IEEE Trans Med Imaging. 2021 Sep;40(9):2428-2438. doi: 10.1109/TMI.2021.3077913. Epub 2021 Aug 31.
Identifying and locating diseases in chest X-rays are very challenging, due to the low visual contrast between normal and abnormal regions, and distortions caused by other overlapping tissues. An interesting phenomenon is that there exist many similar structures in the left and right parts of the chest, such as ribs, lung fields and bronchial tubes. This kind of similarities can be used to identify diseases in chest X-rays, according to the experience of broad-certificated radiologists. Aimed at improving the performance of existing detection methods, we propose a deep end-to-end module to exploit the contralateral context information for enhancing feature representations of disease proposals. First of all, under the guidance of the spine line, the spatial transformer network is employed to extract local contralateral patches, which can provide valuable context information for disease proposals. Then, we build up a specific module, based on both additive and subtractive operations, to fuse the features of the disease proposal and the contralateral patch. Our method can be integrated into both fully and weakly supervised disease detection frameworks. It achieves 33.17 AP50 on a carefully annotated private chest X-ray dataset which contains 31,000 images. Experiments on the NIH chest X-ray dataset indicate that our method achieves state-of-the-art performance in weakly-supervised disease localization.

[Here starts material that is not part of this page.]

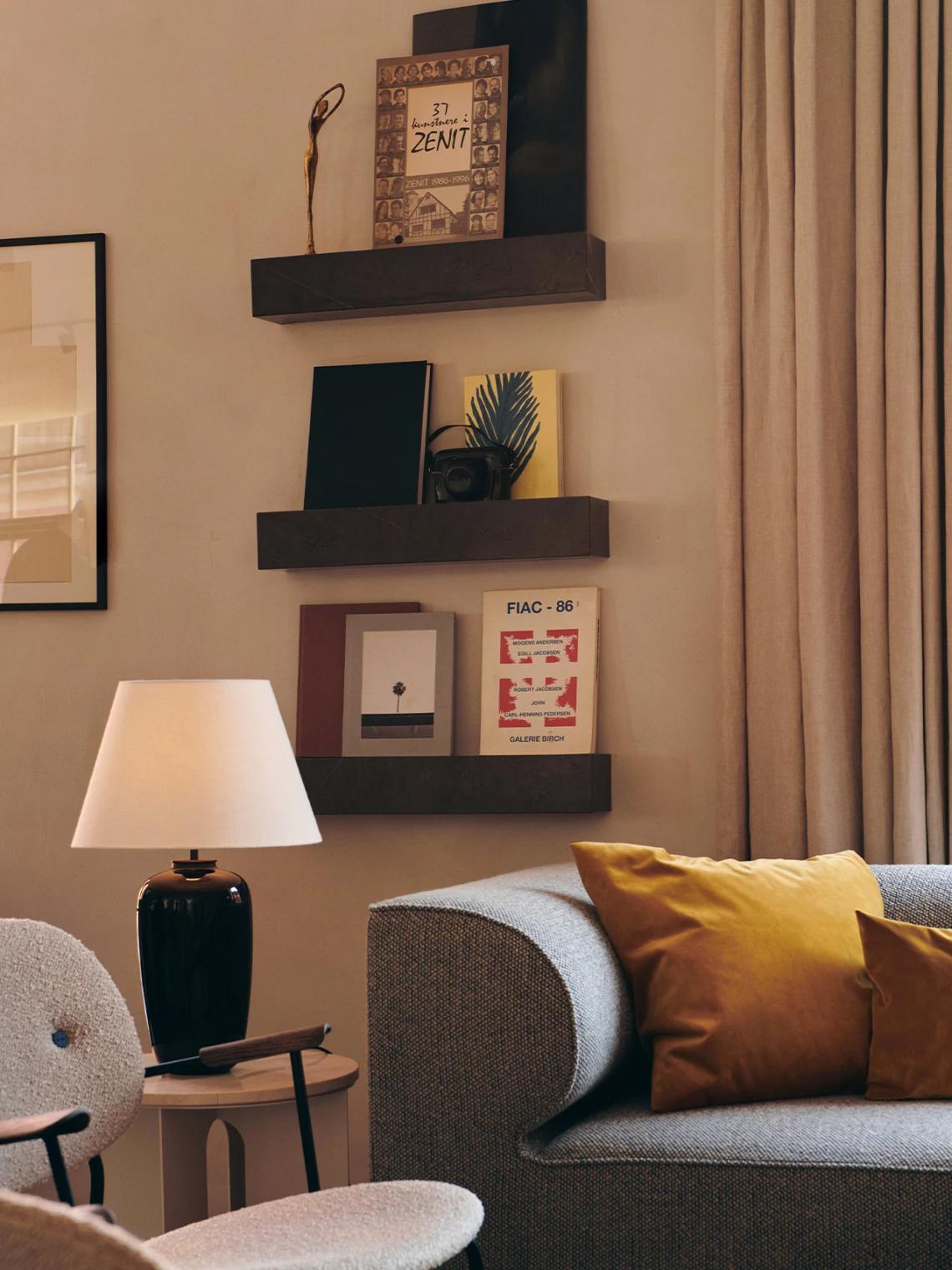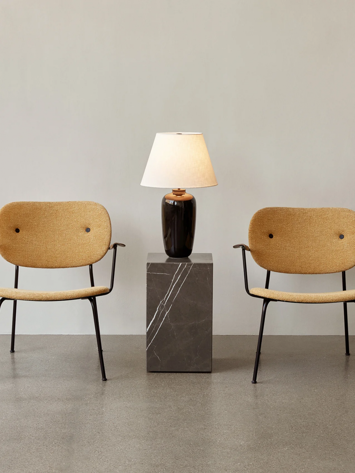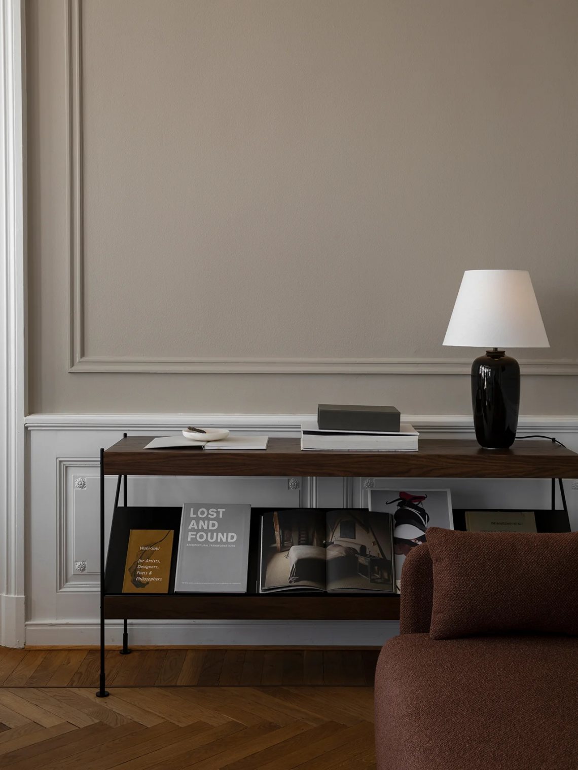 The transformative powers of light come into play on the Torso Table Lamp by Kr?yer-S?tter-Lassen, designed with a timeless look that lends itself to any setting. The elongated base — cast from black-glazed stoneware and elongated for an understated yet sculptural expression — holds a tactile linen shade that diffuses the light to create instant ambience. A brass touch dimmer allows for a personal setting.

在胸部 X 光片中识别和定位疾病非常具有挑战性,因为正常和异常区域之间的视觉对比度低,并且其他重叠组织会造成扭曲。一个有趣的现象是,胸部的左右两侧存在许多相似的结构,例如肋骨、肺野和支气管。根据经验丰富的放射科医生的经验,这种相似性可用于识别胸部 X 光片中的疾病。为了提高现有检测方法的性能,我们提出了一个端到端的深度模块,利用对侧上下文信息来增强疾病建议的特征表示。首先,在脊柱线的指导下,利用空间变换网络提取局部对侧补丁,为疾病建议提供有价值的上下文信息。然后,我们构建了一个基于加性和减性操作的特定模块,融合疾病建议和对侧补丁的特征。我们的方法可以集成到完全和弱监督的疾病检测框架中。在一个包含 31000 张图像的精心标注的私有胸部 X 射线数据集上,我们的方法达到了 33.17 的 AP50。在 NIH 胸部 X 射线数据集上的实验表明,我们的方法在弱监督疾病定位方面达到了最先进的性能。